The Limper trailed Whisper with élan. He loosed two spears outside the null and another two inside, just dropped as his second-seat man took the carpet within inches of the windwhale.
Only one lance failed to strike home.
The whale had five fires burning upon its back.
Storms of lightning crackled round Whisper and Limper.
Then we hit the null. Our buoying spells failed. Panic snatched at me. Up to me?…
We were headed for the burning whale. I jerked and banged and kicked levers.
“Not so violently!” the Lady yelled. “Smoothly. Gently.”
I got it in hand as the whale roared upward past us.
Lightning crackled. We passed between two smaller whales. They missed us. The Lady discharged her little ballista. Its bolt struck one of those monsters. What the hell was the point? I wondered. That was not a bee sting to one of them.
But that quarrel had a wire attached, running off a reel.…
Wham!
I was blinded momentarily. My hair crackled. Direct hit from a manta bolt. … We’re dead, I thought.
The metal cage surrounding us absorbed the lightning’s energy and passed it along the unwinding wire.
A manta was on our tail, only yards behind. The sergeant ripped off a shaft. It took our pursuer under the wing. The beast began to slide and flutter like a one-winged butterfly.
“Watch where we’re going!” the Lady yelled. I turned around. A windwhale back rushed toward us. Fledgling mantas scurried in panic. Rebel bowmen threw up a barrage of arrows.
I hit and yanked every damned lever and pedal, and pissed my pants. Maybe that did it. We scraped the thing’s flank, but did not crash.

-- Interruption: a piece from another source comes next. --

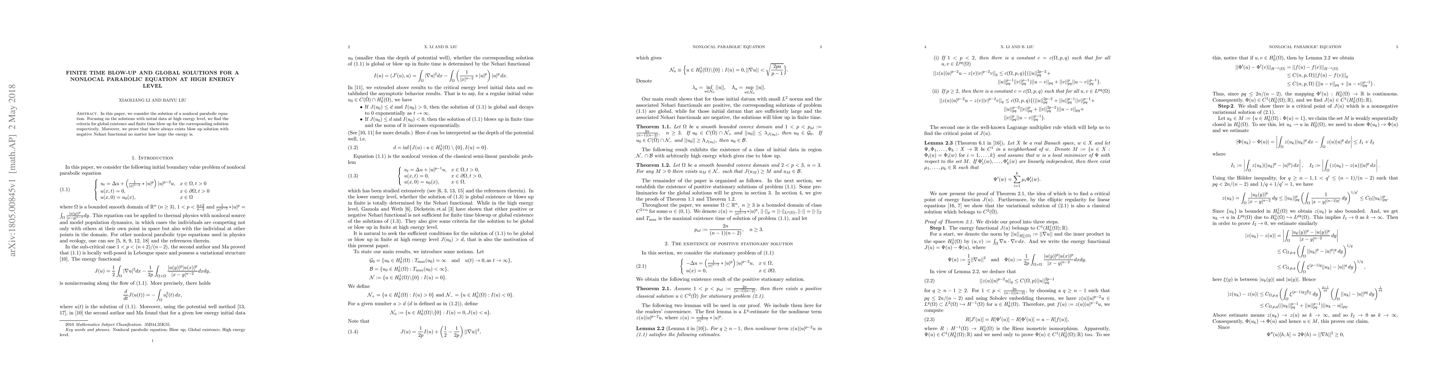 This paper investigates a nonlocal parabolic equation, determining criteria for global existence and finite time blow-up for solutions with high initial energy. It proves the existence of blow-up solutions regardless of energy level when the Nehari functional is negative.

Now the damned carpet began spinning and tumbling. Earth, sky, wind-whales swirled around us. In one glimpse, way up, I saw a windwhale’s side explode, saw the monster fold in the middle, raining gobbets of fire. Two more whales trailed smoke … but it was a picture there and gone in a moment. I could find none of it when the carpet again rolled to where I could see the sky.
We began our plunge from high enough that I had time to calm down. I fiddled with levers and pedals, got some of the wild spin off.…
Then it did not matter. We were out of the null and it was the Lady’s craft again.
I looked back to see how the sergeant was. He gave me a dirty look, shook his head pityingly
The look the Lady gave me was not encouraging either.
We climbed and moved westward. The Taken assembled, observed the results of their attack.
Only the one windwhale was destroyed. The other two managed to get under friends who doused them with ballast water. Even so, the survivors were demoralized. They had done the Taken no injury at all.
Still, they came on.
This time the Taken dropped to the surface and attacked from below, building speed from several miles away, then curving up through the null. I maneuvered between whales with a more delicate hand but still fell dangerously near the ground.
“What are we doing this for?” I yelled. We were not attacking; we were just following Whisper and Limper.
“For the hell of it. For the sheer hell of it. And so you can write about it.”
“I’ll fake it.”
She laughed.
We went high and circled.
Darling took the whales back down. That second pass slew two more. Down low the Taken could not throw themselves all the way through the null. None but Limper, that is. He played the daredevil. He backed off five miles and built a tremendous velocity before hitting the null.
He made that pass while the bigs were dropping the last of their pots.
I’ve never heard Darling called stupid. She did not do the stupid thing this time.
Despite all the flash and excitement, it was clear that she could, if she wanted, press on to Horse. The Taken had expended most of their munitions. Limper and the bigs were headed back to rearm. The others circled.… Horse was Darling’s if she was w
illing to pay the price.
She decided it was too dear.
Wise choice. My guess is, it would have cost her half her force. And wind-whales are too rare to give up for a prize so insignificant.
She turned back.
The Lady broke away and let her go, though she could have maintained the attacks almost indefinitely.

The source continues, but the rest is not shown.